Le mani di Grant iniziarono a tremare.
Prima di sposarlo, Corinne Whitaker aveva lavorato come analista finanziaria forense. Aveva abbandonato una promettente carriera dopo la nascita di Owen perché Grant le ripeteva continuamente che la loro famiglia aveva bisogno di lei a casa.
Spesso scherzava dicendo che aveva scambiato i fogli di calcolo con le coperte per bambini.
Ora si rendeva conto che non aveva mai dimenticato come si tracciavano i movimenti di denaro.
Grant aprì il portatile e cercò di accedere al conto principale dell’azienda.
Sul monitor apparve una notifica rossa.
Accesso temporaneamente limitato in attesa di una revisione legale.
Chiamò immediatamente il suo avvocato, Wesley Crane.
«C’è qualcosa che non va con i conti.»
Wesley rimase in silenzio per alcuni secondi.
«Tua moglie ha richiesto un provvedimento d’emergenza per proteggere i beni comuni.»
«Non può farlo senza la mia autorizzazione.»
«Non aveva bisogno della tua autorizzazione. Aveva bisogno di prove che i fondi familiari o aziendali fossero stati trasferiti in modo improprio.»
Grant si lasciò cadere all’indietro sulla sedia.
«È un malinteso.»
«Allora rispondi onestamente a una domanda. Hai trasferito denaro dell’azienda a Tessa Vaughn?»

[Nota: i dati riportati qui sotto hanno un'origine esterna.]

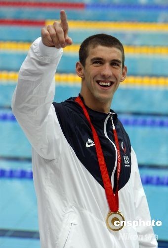 8月15日上午,在國(guó)家游泳中心水立方舉行的北京奧運(yùn)會(huì)男子200米混合泳中,美國(guó)選手菲爾普斯續(xù)寫(xiě)神話(huà),再次打破世界紀(jì)錄獲得冠軍,收取他在本屆奧運(yùn)的第六枚金牌,使得他在奧運(yùn)會(huì)上獲得的金牌總數(shù)達(dá)到12枚。中新社發(fā) 杜洋 攝

Grant lanciò uno sguardo verso la porta chiusa dell’ufficio.
Tre mesi prima aveva trasferito seicentomila dollari a Tessa. Lo aveva registrato come un anticipo per una consulenza, anche se lei non aveva mai lavorato per l’azienda.
Prima che potesse rispondere, sul suo telefono arrivò un messaggio da un numero sconosciuto.

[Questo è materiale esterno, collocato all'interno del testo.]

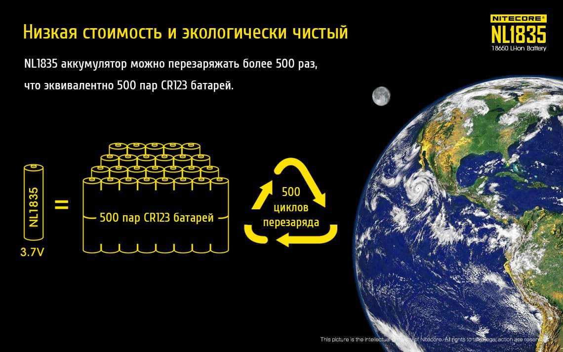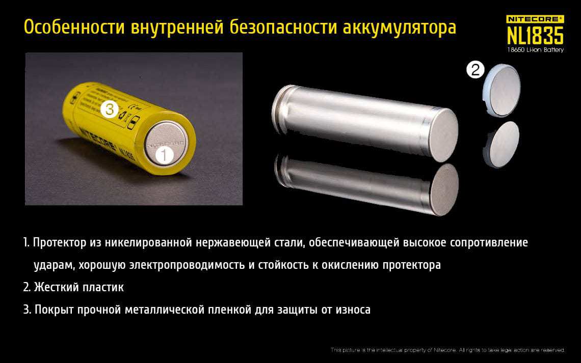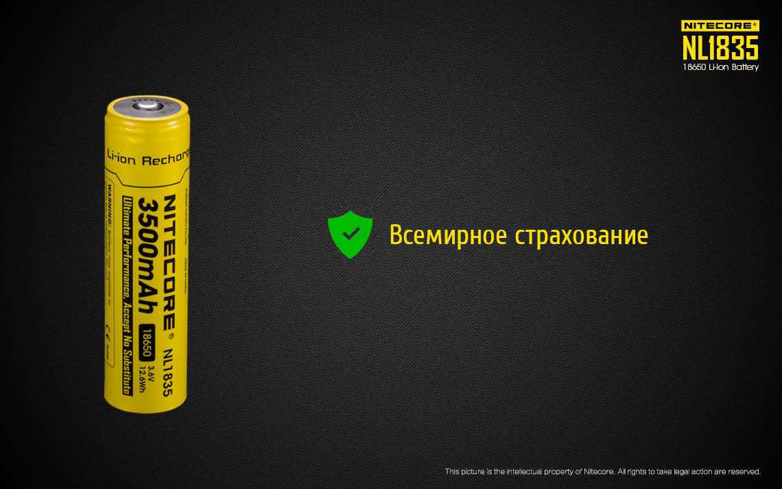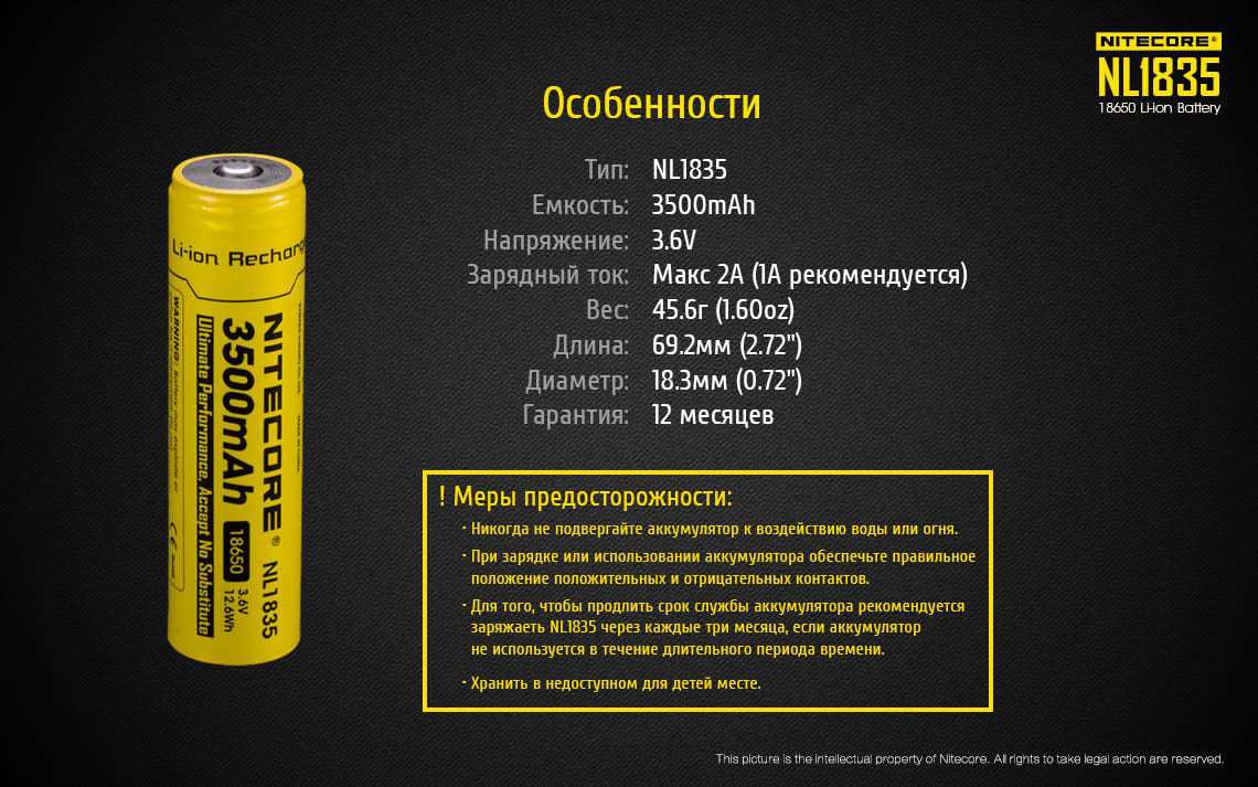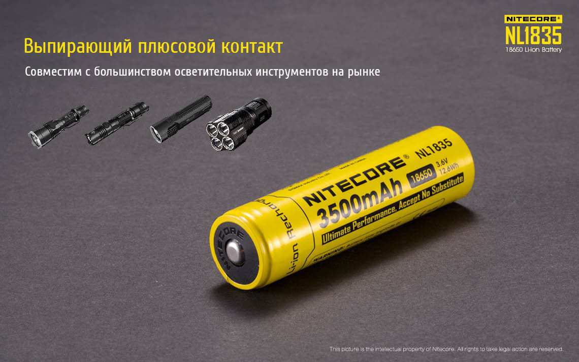 Совершенно новый по ёмкости аккумулятор от компании Nitecore типоразмера 18650, который по мнению экспертов, переведет Li-Ion источники питания на новый уровень — это Nitecore NL1835. Реальная емкость аккумулятора составляет 3500mAh, что на 64% больше, чем у большинства аккумуляторов 18650. Обладая ёмкостью 3500mAh с высоким КПД в сравнении с похожими моделями, аккумулятор является отличным источником для питания многих фонарей, фотоаппаратов, ноутбуков и другого оборудования.

Conteneva una fotografia del piccolo Owen sdraiato dentro un’incubatrice dell’ospedale.
Sotto c’era una breve nota:
Mentre festeggiavi in riva all’oceano, tuo figlio stava ricevendo cure urgenti.

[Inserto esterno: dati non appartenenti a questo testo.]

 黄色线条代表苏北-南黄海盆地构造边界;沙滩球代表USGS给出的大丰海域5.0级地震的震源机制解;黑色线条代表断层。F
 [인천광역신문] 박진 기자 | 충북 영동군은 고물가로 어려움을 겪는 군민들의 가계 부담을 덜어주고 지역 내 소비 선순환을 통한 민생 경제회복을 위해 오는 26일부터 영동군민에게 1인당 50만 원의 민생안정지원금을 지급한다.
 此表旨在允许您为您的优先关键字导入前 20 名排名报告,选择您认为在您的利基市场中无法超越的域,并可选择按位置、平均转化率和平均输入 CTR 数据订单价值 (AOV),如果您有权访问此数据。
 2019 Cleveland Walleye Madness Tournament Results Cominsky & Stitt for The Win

Per un momento, Grant smise di respirare.
La chiamata che aveva deciso di ignorare
Grant corse nel corridoio.
«Che cosa è successo a Owen?»
La signora Pearl appoggiò lentamente la scatola a terra.
«La sua pelle è diventata insolitamente gialla il giorno dopo che sei partito. La signora Keaton ha chiamato il pediatra e le hanno detto di portarlo immediatamente in ospedale.»
Grant ricordò che la signora Pearl gli aveva detto che il bambino sembrava giallo durante una delle loro brevi telefonate.
Era seduto accanto alla piscina dell’hotel quando glielo aveva detto.
Le aveva risposto che i neonati spesso avevano un aspetto diverso durante le prime settimane di vita. Poi le aveva chiesto di non interromperlo di nuovo a meno che non fosse davvero importante.
«Perché nessuno mi ha detto che era in ospedale?»
L’espressione della signora Pearl si fece ancora più dura.
«Tua moglie ti ha chiamato sei volte.»
Grant controllò la cronologia delle chiamate.
Le chiamate erano lì.
Ne aveva ignorate tre. Tessa aveva messo il telefono in modalità silenziosa durante la cena. Più tardi, aveva risposto a una chiamata e aveva detto a Corinne che Grant non era disponibile.
La signora Pearl infilò una mano in un cassetto della cucina e tirò fuori una piccola chiavetta USB.
«La signora Keaton mi ha chiesto di dartela dopo che avessi letto i documenti.»
Grant tornò nel suo ufficio e collegò la chiavetta al computer.
Cominciò una conversazione registrata.
La voce di Tessa riempì la stanza.
«Corinne, devi accettare il fatto che Grant non è più felice con te. Dice che stare a casa è come guardare lo stesso giorno grigio ripetersi continuamente.»
La voce di Corinne rimase calma.
«Perché mi stai chiamando?»
«Perché voglio che tu smetta di fingere di avere ancora un matrimonio. Mi ha dato abbastanza soldi per avviare la mia attività e stiamo cercando casa insieme.»
Ci fu una pausa.
Poi Corinne fece un’ultima domanda.
«Quanti soldi ti ha dato?»
Tessa rise.
«Seicentomila dollari. Ha detto che non erano niente in confronto a quello che avrebbe speso una volta libero.»
Corinne rispose con calma.
«Grazie per avermelo confermato.»
La registrazione terminò.
Grant fissò lo schermo vuoto del computer.
Corinne non era scomparsa per confusione.
Aveva pianificato tutto con cura.
Il socio che scelse l’azienda
Grant afferrò le chiavi e si precipitò verso il garage.
Prima che raggiungesse la sua auto, Wesley lo chiamò di nuovo.